The later school-years meant that I wasn’t one of those lucky kids who got to have a birthday party in class. And after age 12, when my parents bought the cabin, I was alone with one or both of them at the lake. I have no memory of any celebration, but as I am the only child and I was quite loved and my mother loved to make cakes, I’m guessing they must have celebrated it. As far as gifts go, nothing that rises to that level of special has made it into long-term memory.

Through my teens and all the way to my 50’s, I have no idea what I did for my birthdays. I know what I didn’t do. I didn’t ask anyone to do anything special for me. I was often annoyed when my cousin would set up a party for her birthday at a restaurant and those of us who were invited were expected to pay for her meal along with giving her a gift. While I found that rather rude, it’s exactly the same thing my sister-in-law did. Seems I’m the only one who thinks this isn’t the nicest way to treat your friends.

After1995 I’ve spent every summer at the cabin on Cadotte Lake in the Superior National Forest in Northern Minnesota, about two hours south of Canada. It became mine a few years earlier when my parents felt they could no longer spend the summer there. Anyway, starting in 2013, I decided that for my birthday, I’d do something I might have thought of, but never did. I knew exactly what I wanted to do. I wanted to drive to Beaver Bay, on the shores of Lake Superior, about 35 miles away, and stop at every creek on the way, take a photo of the identifying sign and check out the creek for future picnic possibilities. I’m wild about picnics. So starting with Apple Creek, there was: Toimi Creek, Petrell Creek, Nelson Creek, Store Creek, Breda Creek, Maki Creek, Murphy Creek, Sullivan Creek, the Cloquet River, W. Branch of the Beaver River, Big Thirty-Nine Creek, Little Thirty-Nine Creek, E. Branch of the Beaver River and finally, Lake Superior.  Minnesota, the Land of 10,000 Lakes has probably four times that many creeks. This trip didn’t have the most auspicious start because shortly after I pulled to the side of the road by Apple Creek, a State Trooper pulled up, got out of his car and asked if I was okay. “Yes, it’s my birthday and I’m stopping at every creek between here and Lake Superior”. The look on his face was, “Okay lady, you’re obviously crazy, but you do you”. When I got to Beaver Bay, I went to the ice cream shop and treated myself to two scoops of black licorice ice cream. Yummy!

Every year since, I’ve done something on this order. I’ve gone to the farmer’s market in Finland, Minnesota, to Palisade Head on the North Shore of Lake Superior, which is 1,1 billion year old and 335 feet above the lake (what a gorgeous view), to a Finnish pioneer homestead quite close by that’s been well preserved from about the 1850’s, to Black Beach, which is really black because the sand is made from the tailings of taconite that are mined pretty close to me. Taconite is a low grade of iron ore and all that remains in those mines now that the rich ore has been removed and turned into steel. Sugar Loaf cove that was used as a holding area for cut trees before they were loaded on boats and taken to saw mills. 

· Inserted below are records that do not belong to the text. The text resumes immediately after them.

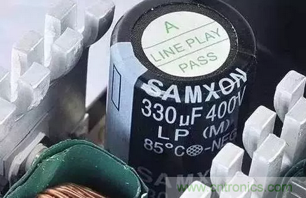 電源采用主動式PFC,因此使用容量為330μF的高壓濾波電容就能滿足需求。該電容的耐壓值為400V,耐溫值為85℃。
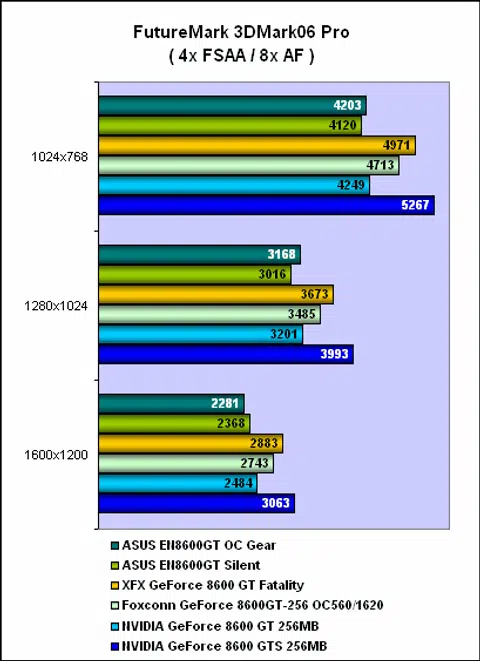 Despite the higher stream processor clock, the ASUS EN8600GT OC Gear ended up slower than the reference GeForce 8600 GT, though it was marginally faster than the ASUS EN8600GT Silent. This difference was quite significant especially with anti-aliasing enabled in 3DMark05. However, the fact that both were using slightly different driver sets could be a reason for such results. This is borne out with the scores in 3DMark06, where the ASUS OC Gear was slightly ahead of the reference card. Naturally, the overclocked cards were ahead of both the silent and OC Gear ASUS cards.
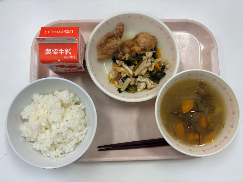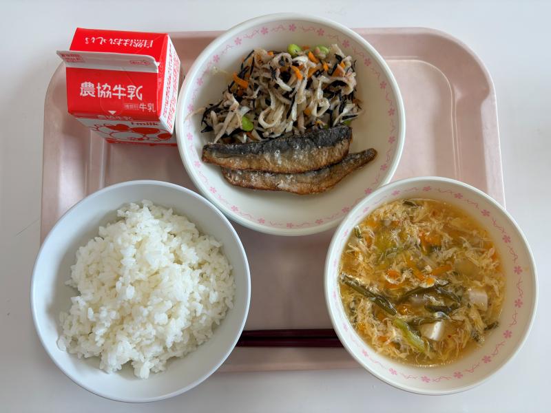 9月4日(木) ごはん いわしの竜田揚げ ひじきときりぼしのツナ和え 茎わかめとキムチのスープ 牛乳
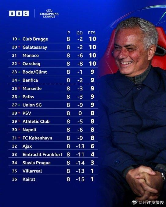 詹俊:“欧冠奇妙夜!穆里尼奥带领本菲卡靠补时来自门将特鲁宾的最后一击挤进16强附加赛,而将最后9人应战的皇马推落前9名(要踢16强附加赛)。
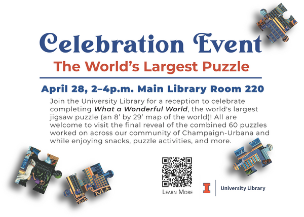 The U of I and CU community completed the World's Largest Puzzle, "What a Wonderful World," in fall 2023-spring 2024. This 60 section, 6,000 piece puzzle depicts a detailed map of the world, and in total is 8' high x 29' wide. It will be hung in the hallway outside room 220 (the Scholarly Commons) in the Main Library for the event. Remarks will start at 2, and after attendees are welcome to view the puzzle, participate in a puzzle swap, and play puzzle activities.

Northern Minnesota has been famous for natural resources since its discovery and even today that’s true. The latest find is helium which has been found about 40 miles north and west of me. Happily for me who doesn’t want to live there full time and isn’t looking for a mining job, the current Federal administration has been able to stop the plans for copper mining. There has never been a copper mine that hasn’t leaked arsenic into the surrounding watershed. The dilemma is that these are very good paying jobs and the area has very little else available. 

This past summer I went to the Sax-Zim Bog, a preserve that is most famous for the owls people frequently photograph in the winter.

And this coming summer – 2024? So far I don’t know. Sometimes I use Google maps to view the area and see if anything interesting pops up. That’s how I found the bog.